How Does Zerologon Work?
Zerologon arises from a series of errors in the implementation of the netlogon protocol. The first of these errors arises from the misuse of cryptography.
In netlogon, Microsoft used a custom implementation of cipher feedback (CFB) mode with AES that enabled data to be encrypted one byte at a time (instead of in the standard 16 byte blocks). Additionally, the initialization vector (IV) used in encryption, which should be random and unique for all sessions, was hardcoded to a value of zero.
In combination, these two errors made it possible for an attacker to falsely authenticate to netlogon without knowing the domain password. With 1/256 probability, attempting to encrypt a value of all zeros will cause the encryption to get “stuck”, resulting in a ciphertext of all zeros as well. Since the final step of authentication is encrypting a user-selected challenge with the shared session key, an attacker can successfully do so by using an all zero challenge even without knowledge of the key.
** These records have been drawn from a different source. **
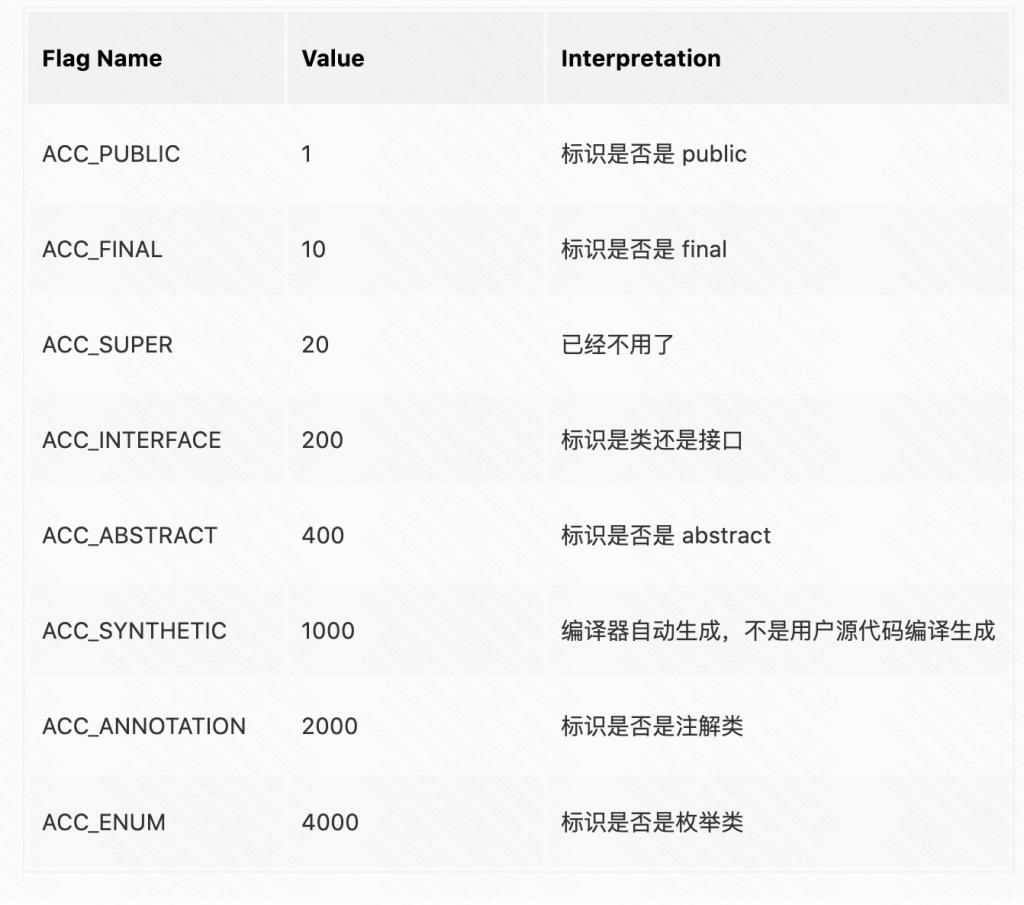 常量池之后存储的是访问标记(Access flags),用来标识一个类是是不是final、abstract 等,由两个字节表示总共可以有 16 个标记位可供使用,目前只使用了其中的 8 个。
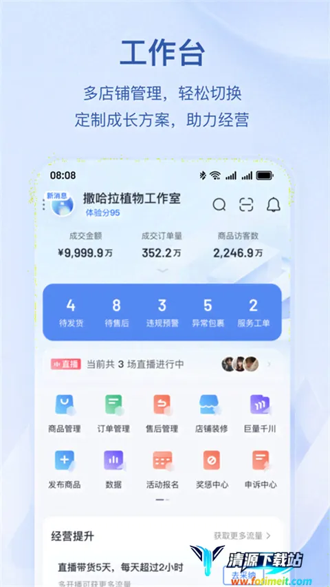 3. 实现数据化管理:是数据化管理帮手,能让店铺运营更有条理,商家可实时查看核心数据变化趋势,各项数据一目了然。
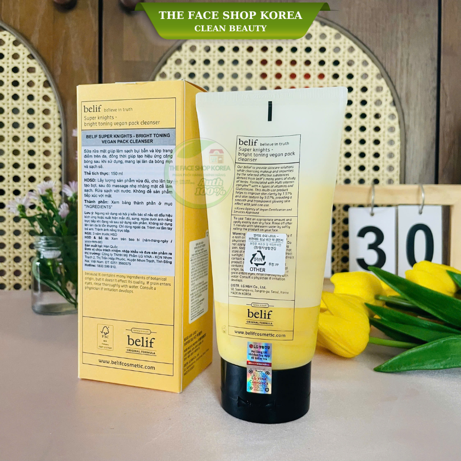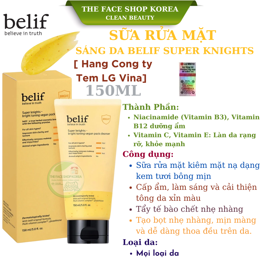 Sữa rửa mặt thuần chay làm sáng da cấp ẩm Belif Super Knights 150ml
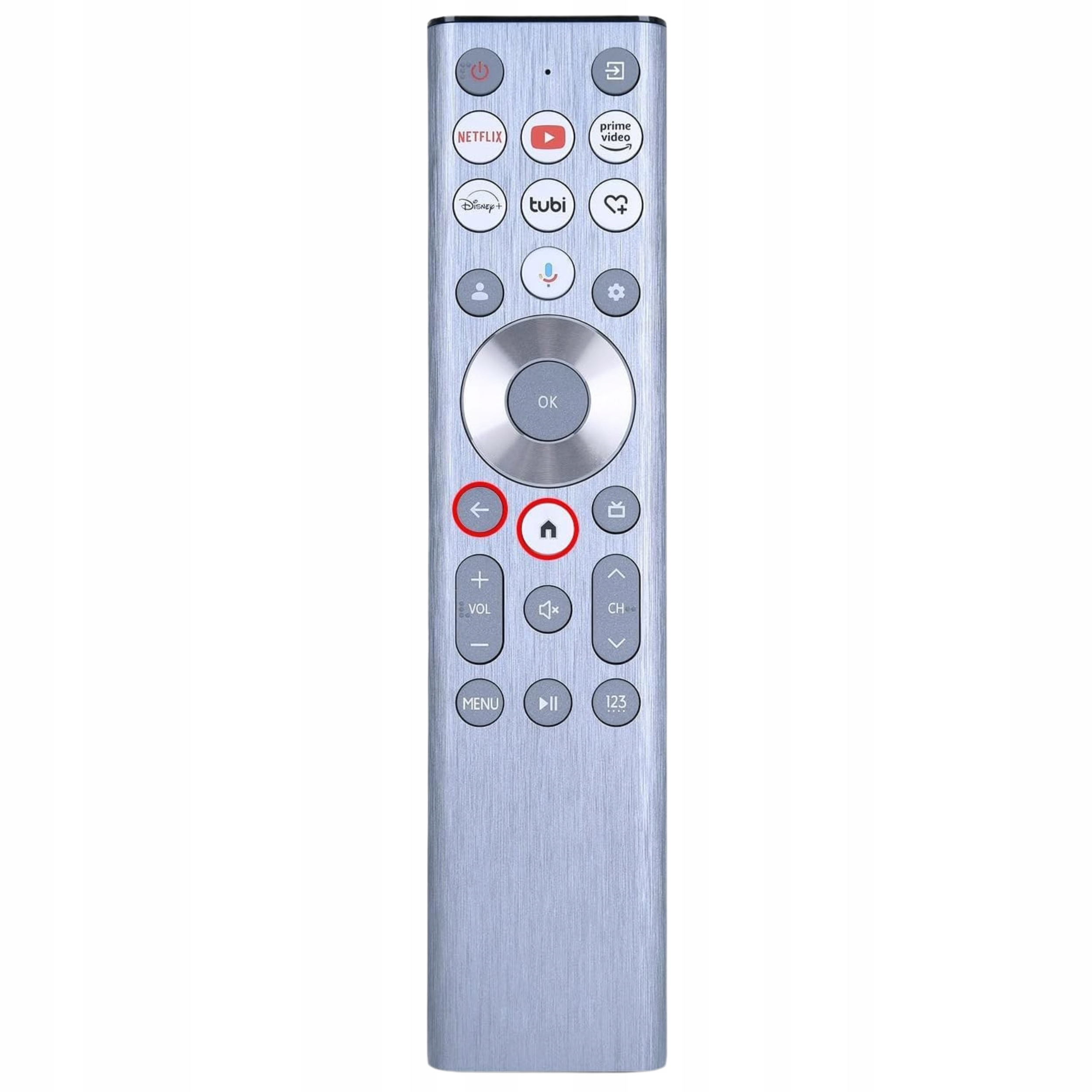 Naciśnij i przytrzymaj jednocześnie przyciski „Wstecz” i „Dom” na pilocie przez co najmniej 3 sekundy aby rozpocząć parowanie, aż lampka kontrolna na ekranie telewizora zacznie migać
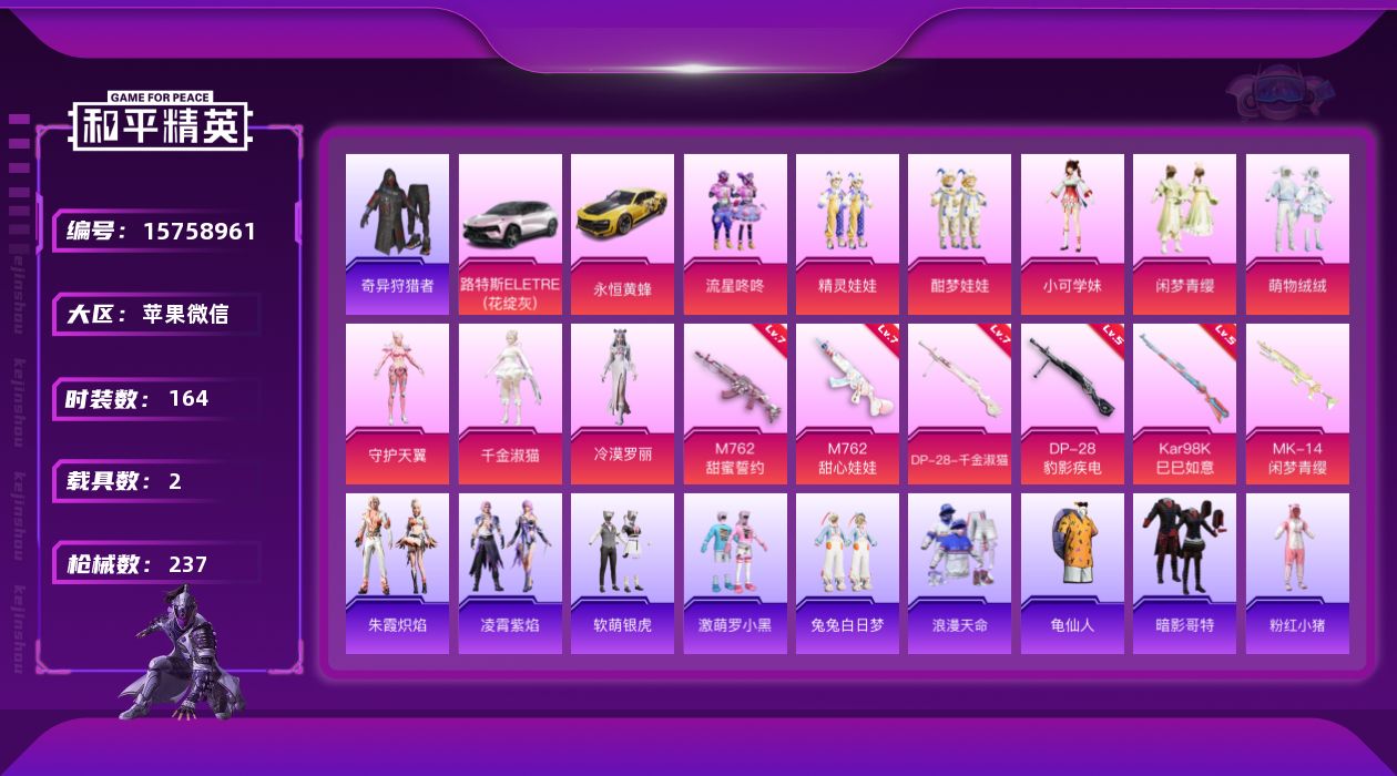[15758961]苹果 微信-9粉装-6特效枪-2载具-4粉色飞行器-78578热力值-11王牌印记-164套装-237枪皮 【热门品类】:套装-浪漫天命,套装-奇异狩猎者,套装-龟仙人,套装-暗影哥特,套装-粉红小猪,角色-Mark.06 【粉色套装】:粉装-流星咚咚,粉装-精灵娃娃,粉装-酣梦娃娃,角色-小可学妹,粉装-闲梦青缨,粉装-萌物绒绒,角色-守护天翼,角色-千金淑猫,角色-冷漠罗丽 【粉色枪皮等级】:M762-甜蜜誓约(七级),M762-甜心娃娃(七级),Kar98K-巳巳如意(五级),DP-28-千金淑猫(七级),DP-28-豹影疾电(五级) 【粉色载具】:路特斯ELETRE(花绽灰),永恒黄蜂 【粉色枪皮】:M762-甜蜜誓约,M762-甜心娃娃,Kar98K-巳巳如意,Mk14-闲梦青缨,DP-28-千金淑猫,DP-28-豹影疾电 【粉色飞行器】:梦幻火箭飞行器,天之羽翼飞行器,太空嘟嘟飞行器,萌物绒绒飞行器 【粉色降落伞】:百万伏特降落伞,神秘黑猫降落伞,甜蜜誓约降落伞,四圣焕新降落伞,心之恋语降落伞,扶摇飞仙降落伞,锦绣火鲤降落伞,荧光虫舞降落伞,甜心娃娃降落伞,天之羽翼降落伞,橘柚倾心降落伞,炫光之旅降落伞,莲影清波降落伞,蜜语绒猫降落伞,金丰海韵降落伞,千金淑猫降落伞,樱桃泡泡降落伞,星穹咏叹调降落伞,喜羊羊与灰太狼降落伞 【稀有套装】:套装-龟仙人,套装-绒宝小鹅,套装-小鸟芋圆,套装-雏菊兔兔,套装-萝兰蝴蝶,套装-小熊娃娃,套装-糖糖葫芦,套装-青团波波,角色-都市丽猫,角色-摩登魅猫,套装-燕燕于飞,套装-鱼渊荷华,角色-糖霜甜心,角色-蜜桃派对,套装-萌萌史莱姆,套装-粉恋花,套装-紫幽梦,套装-蓝冰羽,套装-星影赞美诗,套装-星渊小夜曲,套装-彩虹兔,套装-云朵鹅,套装-雪绒豹,套装-蜜露汐语,套装-朱霞炽焰,套装-凌霄紫焰 【稀有枪皮】:AKM-夜灯,AKM-彩虹符号,AKM-虎虎生威,AKM-锦绣火鲤,AKM-霓虹街区,AKM-龙的传人,M16A4-幻世战舞者,M16A4-红色方程式,M16A4-千金淑猫,SCAR-L-流星咚咚,SCAR-L-炫彩节奏,SCAR-L-玉兔迎春,SCAR-L-甜蜜誓约,M416-摩登王国,M416-暗星紫秘,M416-神秘黑猫,M416-糯团青竹,M416-蓝色火焰,M416-萌萌史莱姆,GROZA-异彩先

Beyond allowing false authentication to the service, this issue created an additional problem. Netlogon includes a function that allows the password of the server to be reset. Due to a failure to check key values in this function call, an attacker can send it a value of all zeros, which “decrypts” to all zeros as well. This causes the server’s password to be reset to an empty password.
After resetting the server password, an attacker can’t log directly into the server (though this is possible using a pass-the-hash attack). However, they can call functions that dump all of the password hashes contained within a vulnerable domain controller. These passwords can then be cracked offline, and, due to the use of weak and reused passwords, an attacker is likely to gain access to at least one user’s account.
The Importance of Implementing Least Privilege
The worst-case scenario with Zerologon is that an attacker uses a pass-the-hash attack to gain Domain Administrator access to the network. This provides the attacker with full control over the network. However, pass-the-hash attacks are detectable, and, hopefully, monitored and blocked within a network.
The other potential threat, the compromise of a user account, can be nearly as damaging if that user has excessive permissions within the network. An attacker with access to a user’s account can access any system or data that the user can access. If they can access anything and everything, then the fact that the attacker could not gain Domain Administrator access is of little comfort.
Minimizing the potential impacts of Zerologon and similar attacks requires implementing least privilege within an organization’s network. All users should only have the permissions required to perform their roles. This way, even if a user’s account is compromised, the potential damage to the organization and its customers is minimized.